In the spin room after the debate, other Romney surrogates tried to skirt questions regarding the legislation, arguing that it was more valuable to look at how the candidate had constructed his staff while in public office.
"Governor Romney feels that he is absolutely in favor of equal employment opportunity for women, equal pay for women. I don’t think he wants to be cornered into talking about this particular piece of legislation as a tool of a campaign," said Kerry Healey, who served under Romney as lieutenant governor of Massachusetts. "I think Governor Romney wants to be judged on his own record and how he has dealt with women in his administration and with women's issues throughout his career."
But Gillespie's admission that Romney opposed the Lilly Ledbetter Act while it was being debated -- there is no evidence readily available showing Romney weighing in on the topic in the months before it was signed -- provided ample material for his critics.
"Is that leadership?" said Cecile Richards, the president of Planned Parenthood, who is on leave to serve as a surrogate for the Obama campaign. "If he was president, we wouldn't have equal pay. I think that's the point. He doesn't lift a finger to do anything for women."
Mitt Romney 'Binders Full Of Women' Claim Misleads
Mitt Romney raised eyebrows during the presidential debate Tuesday night when he claimed that as governor of Massachusetts, he had been so dismayed at the lack of female cabinet candidates that he sent women's groups out to find them.

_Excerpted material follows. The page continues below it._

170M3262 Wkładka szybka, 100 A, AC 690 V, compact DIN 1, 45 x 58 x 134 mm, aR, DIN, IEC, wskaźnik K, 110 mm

"I went to a number of women's groups and said, 'Can you help us find folks?' and they brought us whole binders full of women," he said.
In fact, Romney did not direct women's groups to bring him female candidates,Boston Phoenix reporter David Bernstein points out. A non-partisan collaboration of women’s groups called Massachusetts Government Appointments Project (MassGAP)was responsible for the effort in 2002, when the group's leaders realized that women held only 30 percent of the top appointed positions in the state.

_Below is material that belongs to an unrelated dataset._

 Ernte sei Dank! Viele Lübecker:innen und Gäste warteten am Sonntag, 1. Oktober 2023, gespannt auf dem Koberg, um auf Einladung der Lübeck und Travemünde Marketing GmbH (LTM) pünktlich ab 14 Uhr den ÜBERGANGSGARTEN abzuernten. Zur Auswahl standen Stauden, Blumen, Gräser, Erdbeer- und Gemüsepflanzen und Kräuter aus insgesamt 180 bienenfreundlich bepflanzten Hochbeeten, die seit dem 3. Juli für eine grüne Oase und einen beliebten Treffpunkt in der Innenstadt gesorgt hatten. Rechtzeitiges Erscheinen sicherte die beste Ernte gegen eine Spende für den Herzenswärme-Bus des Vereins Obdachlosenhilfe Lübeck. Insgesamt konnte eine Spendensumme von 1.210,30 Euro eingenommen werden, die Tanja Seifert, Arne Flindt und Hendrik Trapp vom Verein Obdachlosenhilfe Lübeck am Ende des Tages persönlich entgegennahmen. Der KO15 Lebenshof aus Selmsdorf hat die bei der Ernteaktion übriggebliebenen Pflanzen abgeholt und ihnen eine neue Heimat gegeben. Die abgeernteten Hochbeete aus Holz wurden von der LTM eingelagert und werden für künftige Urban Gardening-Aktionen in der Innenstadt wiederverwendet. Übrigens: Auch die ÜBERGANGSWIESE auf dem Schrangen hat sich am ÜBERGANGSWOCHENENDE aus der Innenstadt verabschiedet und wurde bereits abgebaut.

Romney boasted that during his term as governor, Massachusetts had more women in senior leadership positions than any other state in America. "Now one of the reasons I was able to get so many good women to be part of that team was because of our recruiting effort," he said.
This statement, too, is misleading. While 42 percent of Romney’s appointments during his first two and a half years as governor were women, the number of women in high-level appointed positions actually declined to 27.6 percent during his full tenure as governor, according to a 2007 MassGAP study.